25 7 3 1 1 1 3 5 8 3 4
25 7 3 2 2 2 3 6 8 3 5
25 7 3 1 2 3 1 7 5 1 5
25 7 3 1 2 4 3 8 7 1 6

;
run;

a) Identify the matching pairs of the 1st and 2nd input 
       - there should always be 2 observations that match in the variables with match in the id, pnr and pid  
       - these observations differ by the number of the control input in the variable 'control' (1 or 2)

 

b) Check all data records to see whether they already have a control entry or not; these two groups should be outputted                   separately
      - a group with observations that do not yet have a 2nd input
       - a group with observations for which there is a 2nd input

 

c) Compare the observations that exist twice with each other, prerequisite as described above with match in id, pnr, pid
     - then compare whether the var1-var5 match (by rows) or not,
      - observations that do not match should be output so that we know what needs to be corrected

 

So these are the notes I made. I hope someone can give me a helping hand. Even if it's just the start because am little bit confused of where to start from. Thanks

ballardw
Super User

Editor values of 1,2,3, 4 sure don't look like two people entering data which was part of the prior description.

 

Please restrict use of "data set" to discussion about SAS data sets. You are apparently talking about rows of values in the text file as a data set and that doesn't make much sense (at least not to me) and confuses where a data set may actually be needed.

 

You may need to provide a bit more detail about this

b) Check all data records to see whether they already have a control entry or not; these two groups should be outputted                   separately
      - a group with data records that do not yet have a 2nd input
       - a group with data records for which there is a 2nd input

As in which records in your example meet each requirement and it would be nice for consistency sake to provide something like the name of an output data set to hold which "separate" outputs

 

Anita_n
Pyrite | Level 9

@ballardw  Thanks for your remarks:

Q: Editor values of 1,2,3, 4 sure don't look like two people entering data which was part of the prior description.

A: I did not want to use 1, 2 for that this doesn't confuse with time and control

 

Q: Please restrict use of "data set" to discussion about SAS data sets. You are apparently talking about rows of values in the text file as a data set and that doesn't make much sense (at least not to me) and confuses where a data set may actually be needed.

A: Sorry I have editted this above

 

Q: 

You may need to provide a bit more detail about this.

b) Check all data records to see whether they already have a control entry or not; these two groups should be outputted                   separately
      - a group with data records that do not yet have a 2nd input
       - a group with data records for which there is a 2nd input

As in which records in your example meet each requirement and it would be nice for consistency sake to provide something like the name of an output data set to hold which "separate" outputs

 

A:  Identify the matching pairs of the 1st and 2nd input 
       - there should always be 2 observations that match in the variables with match in the id, pnr, pid and time 

       - The values of id, pnr, pid  should always be the same to become a matching pair.
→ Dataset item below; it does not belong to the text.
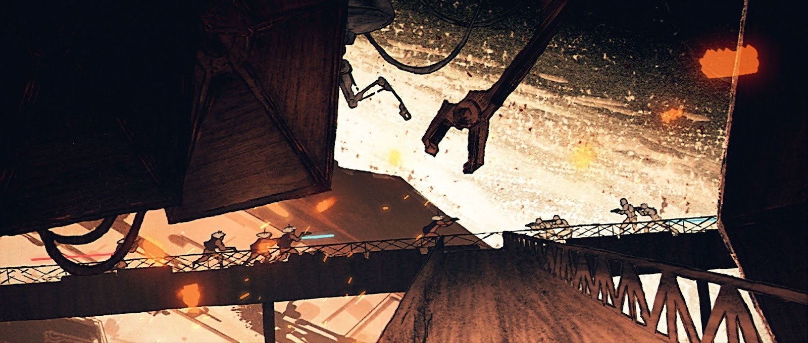 There have been Star Wars stories from the stormtroopers’ perspective before, with the opening of The Force Awakens being the most prominent example. But “Black” isn’t just a reversal of the point-of-view we’re used to in A Galaxy Far, Far Away. It’s something far more, and I can absolutely see returning to it time and time again in an effort to decipher its often abstract and evocative imagery. There’s no straightforward narrative here other than “hurry up and die for the Empire” but that’s part of what makes it so compelling: much like the other Visions shorts, it uses the familiar Star Wars iconography– the uniforms, the spaceships, the laser blasts– to ground us in what we already know about this universe, and then pulls us inward to the unreal, hellish day-to-day of the Galactic Civil War as it must appear to the mind of a grunt on the front lines. In a strange way, I could almost see “Black” as playing as a companion piece to Andor, humanizing and empathizing with the stormtrooper in a way that live-action series never felt the need to do. Politics aside, in the heat of combat I imagine it could start to feel like everyone is a victim, chess pieces manipulated by the powers that be on a bloody battlefield littered with grave sites. That’s what this film manages to get across, and ultimately the expressive nature of “Black” is what makes it stand out as the pinnacle– so far– of what Star Wars: Visions can be.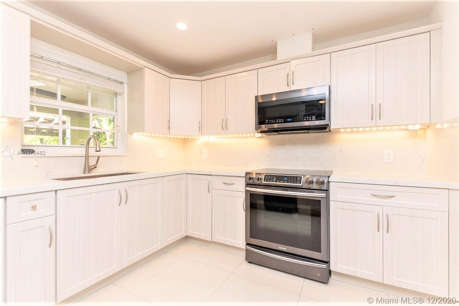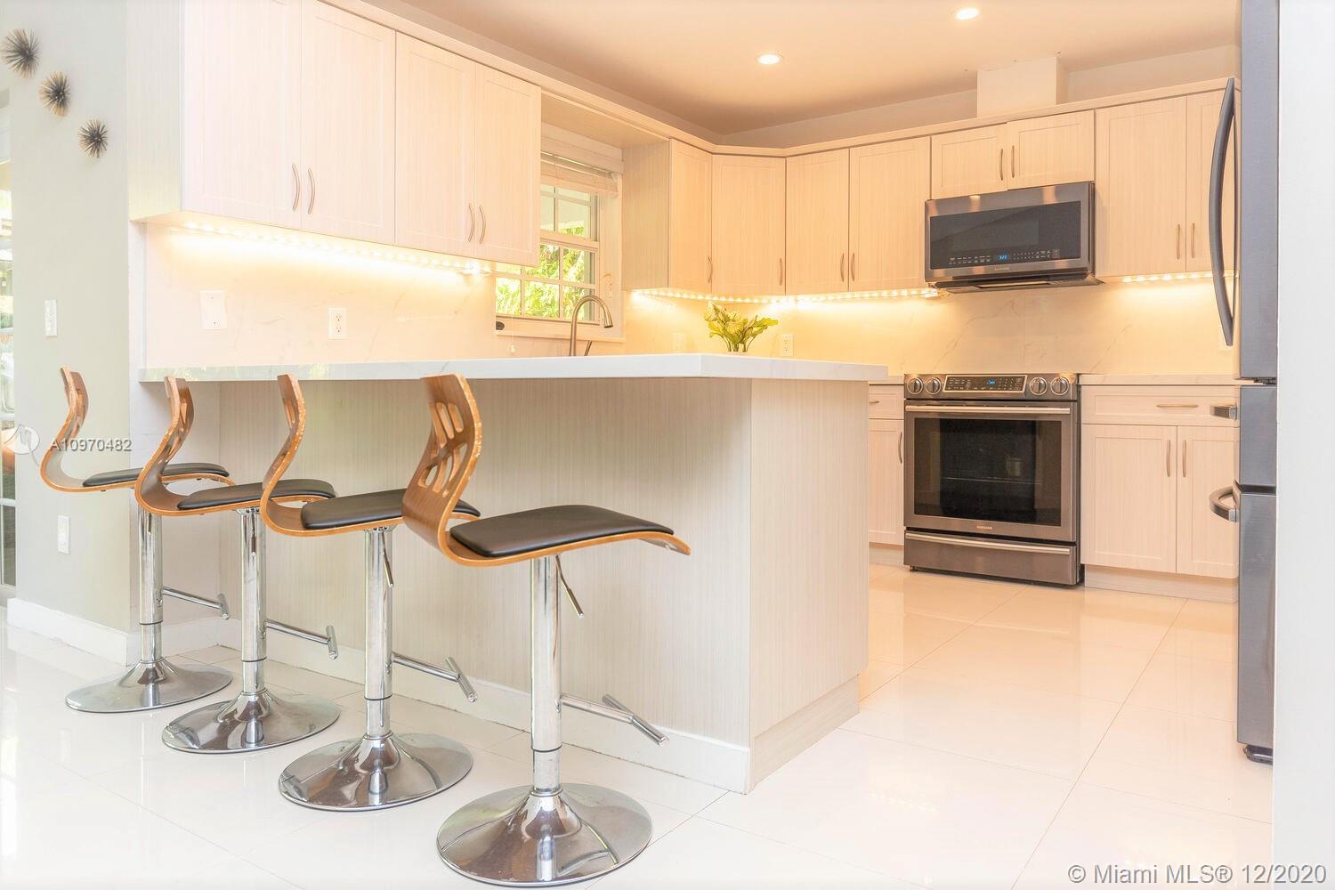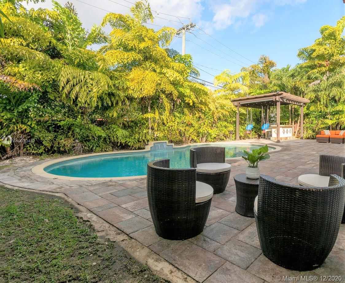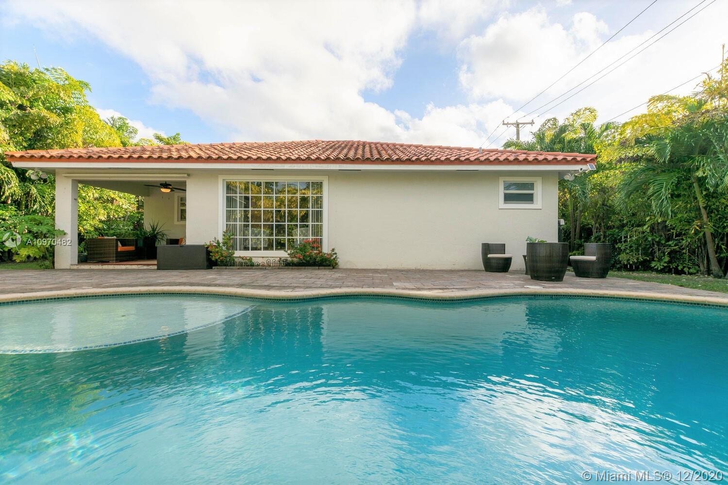 Quaint walking distance to Downtown Miami Shores! Modern 'smart house' with every bell and whistle...just move right in! High Vaulted ceilings and beautiful OPEN floor plan! Pretty view of the NEWER pool w/salt-water system from the front door and all living areas! Detached pergola & built-in GRILL+ bar too! NEW roof, NEW kitchen w/breakfast bar and lots of cabinetry...all NEW APPLIANCES in warranty, updated bathrooms, and a customized TWO CAR garage w/epoxy flooring and built-in cabinetry! NEW AC+ NEW Ductwork w/smart thermostat;Automated Sprinkler system+ new pump. Custom remote blinds/shades+custom interior doors.Whole-house water treatment system! Impact WINDOWS+ DOORS! Built-ins in walk-in master bedroom closet.New whole-house tankless water heater!

In variable "control" there should be a first and second entry to see that two different people entered the data

       

     - Like in observation one and two  id=1 , since id, pnr, pid match they are pairs and there exist control 1 and 2 for the values of var1 to var5 could be checked to if if they are the same or not. If they are the same I output them in a dataset  "all_values_match". If they do not match I output them in a data set "values_doesnt_match"

 

     -Then I check for the next pair with the same id,  pnr, pid but I have only "control"=2 so  I know control one is definitely missing.  I then check if these are duplicates if not I output them in dataset "missing_entry" etc

 

I hope I could answer your questions

Tom
Super User Tom
Super User

So trying to pull key information from your post it looks like groups in the data is identified by the values of three variables:  id pnr pid

 

Each group could appear once or twice. (Are you sure there is never a third or fourth observation in a group?)

 

So split the data into three files.  The singletons.  The first and the second.

data single first second;
  set have;
  by id pnr pid;
  if first.pid and last.pid then output single;
  else if first.pid then output first;
  else output second;
run;

So the dataset SINGLE is the answer to which ones have not had what we used to call second pass data entry.

 

You can then PROC COMPARE with the other two datasets to see which records had differences.

 

Quentin
Super User

Let's make a simpler example dataset.  The data has one row per PatientID.  The data for each PatienID was entered by two different people (EntryID):

 

data have;
input ptid entryid var1 var2 var3;
datalines;
1 1 2 4 6
1 2 2 5 6
2 1 10 12 14
2 2 10 12 14
3 1 2 4 6
;
run;

So that is basically your data, but with fewer ID variables.  When asking questions, it's helpful to make the HAVE data as simple as possible.  Anything that works for one ID variable can work for multiple.

 

With that, I would use PROC COMPARE:

proc compare base=have(where=(entryid=1)) compare=have(where=(entryid=2)) listobs;
  var var1-var3 ;
  id ptid ;
run ;

That will show you where are are differences in the value of var1-var3.  It will also show you when data for a patient was only entered once.  If data for a patient was entered 3 times, you'll get a warning in your log about duplicate data. It will work for numeric data and character data.  You don't even have to list all of the variables.  PROC COMPARE is fabulous!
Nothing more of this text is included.